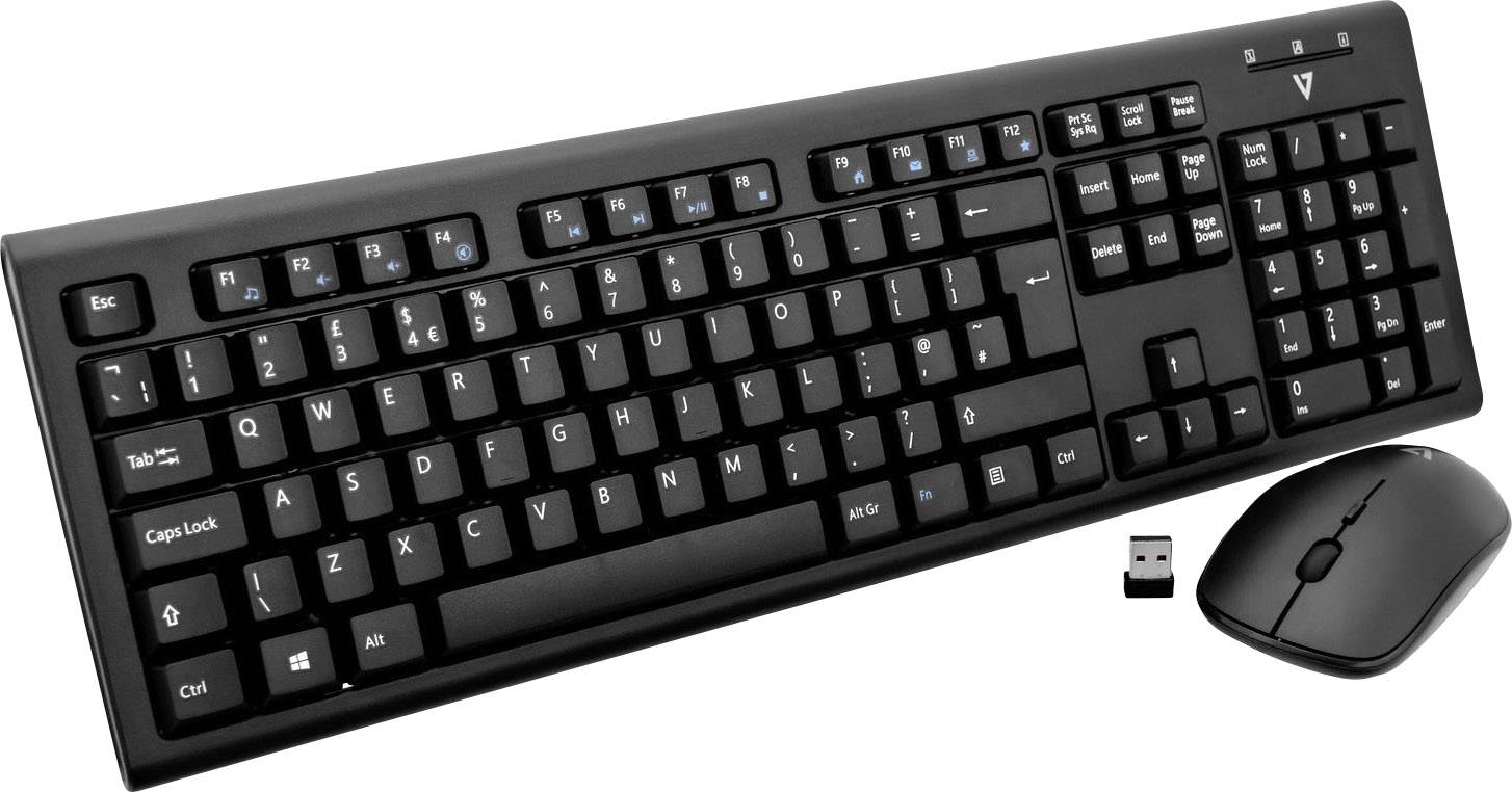V7 Videoseven CKW200UK Funk Tastatur, Maus-Set Spritzwassergeschützt Englisch, QWERTY Schwarz
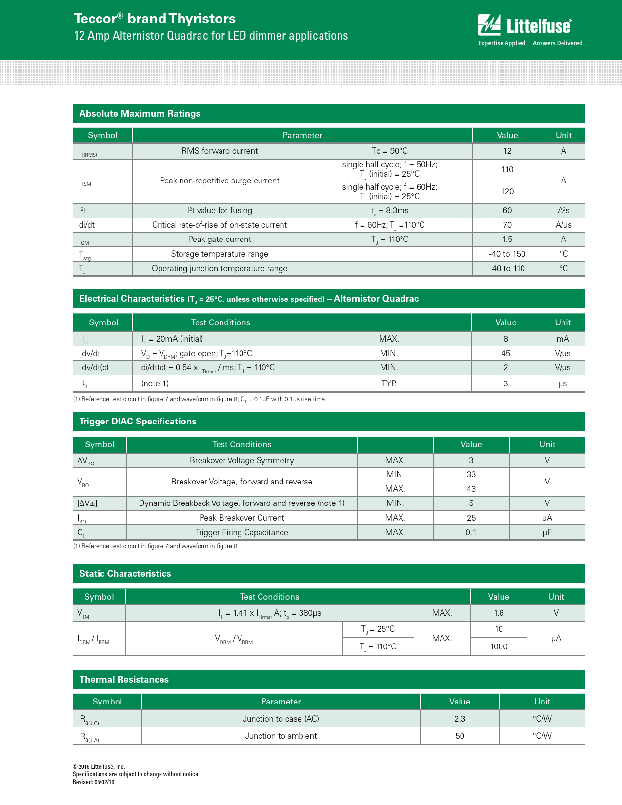 Symbol Parameter Value Unit R Junction to case (AC) 2.3 °C/W θ(J-C) R Junction to ambient 50 °C/W θ(J-A) © 2016 Littelfuse, Inc. Specifications are subject to change without notice. Revised: 05/02/16
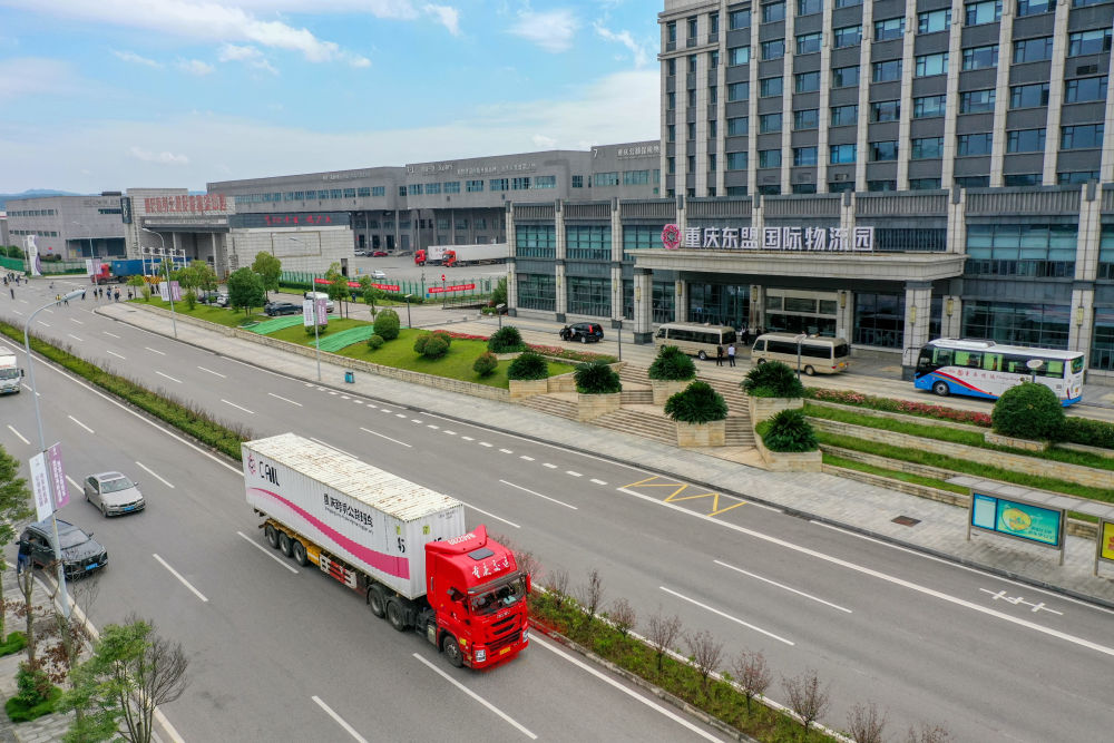 2023年10月11日,滿載筆記本電腦配件、發(fā)電機組件等產(chǎn)品的西部陸海新通道跨境公路班車從重慶南彭公路保稅物流中心駛出,將途經(jīng)廣西憑祥,直達越南(無人機照片)。新華社記者 黃偉 攝
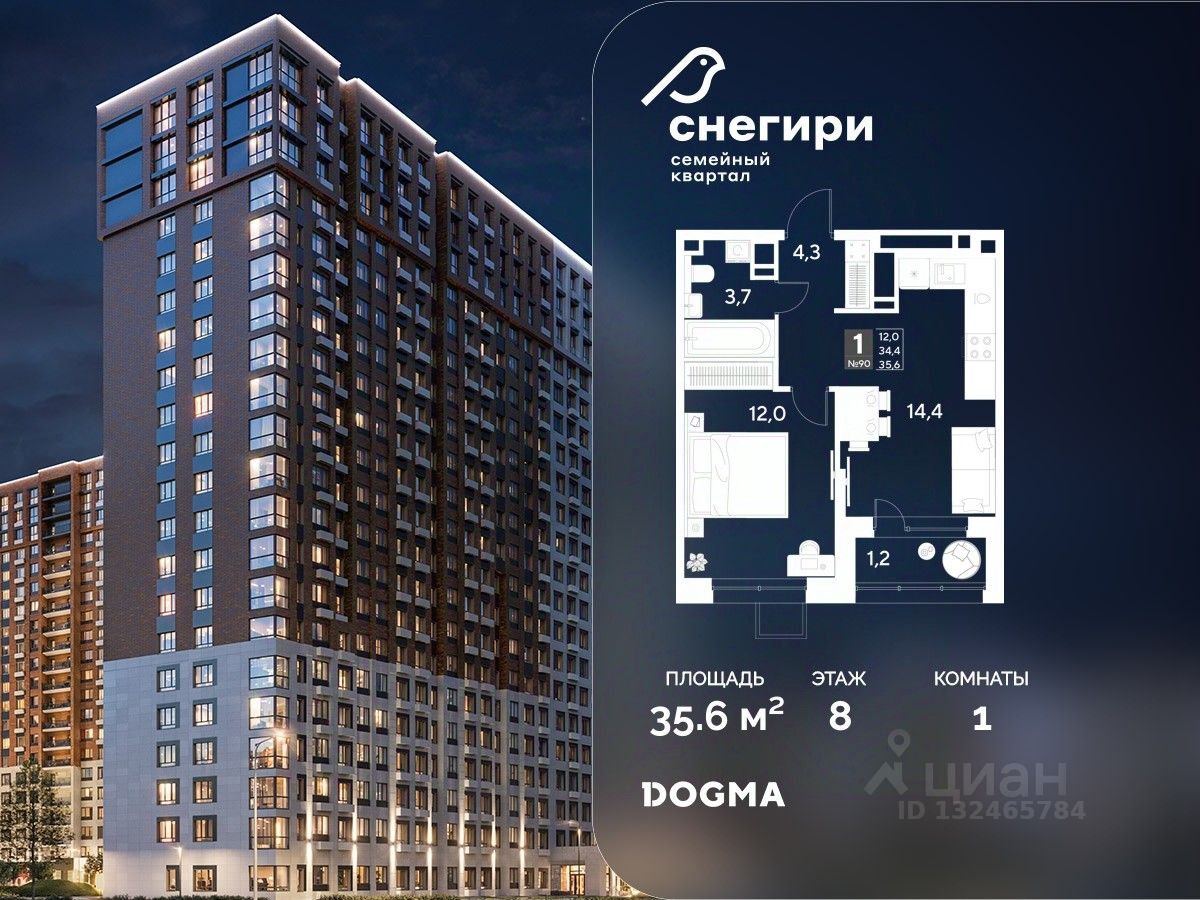 Срок сдачи: 4 кв. 2027, общей площадью 35.6 кв.м., на 8 этаже.

**Exercise brief**: Give the material above again exactly as it stands, minus any images.

**Response**:
V7 Videoseven CKW200UK Funk Tastatur, Maus-Set Spritzwassergeschützt Englisch, QWERTY Schwarz
 Symbol Parameter Value Unit R Junction to case (AC) 2.3 °C/W θ(J-C) R Junction to ambient 50 °C/W θ(J-A) © 2016 Littelfuse, Inc. Specifications are subject to change without notice. Revised: 05/02/16
 2023年10月11日,滿載筆記本電腦配件、發(fā)電機組件等產(chǎn)品的西部陸海新通道跨境公路班車從重慶南彭公路保稅物流中心駛出,將途經(jīng)廣西憑祥,直達越南(無人機照片)。新華社記者 黃偉 攝
 Срок сдачи: 4 кв. 2027, общей площадью 35.6 кв.м., на 8 этаже.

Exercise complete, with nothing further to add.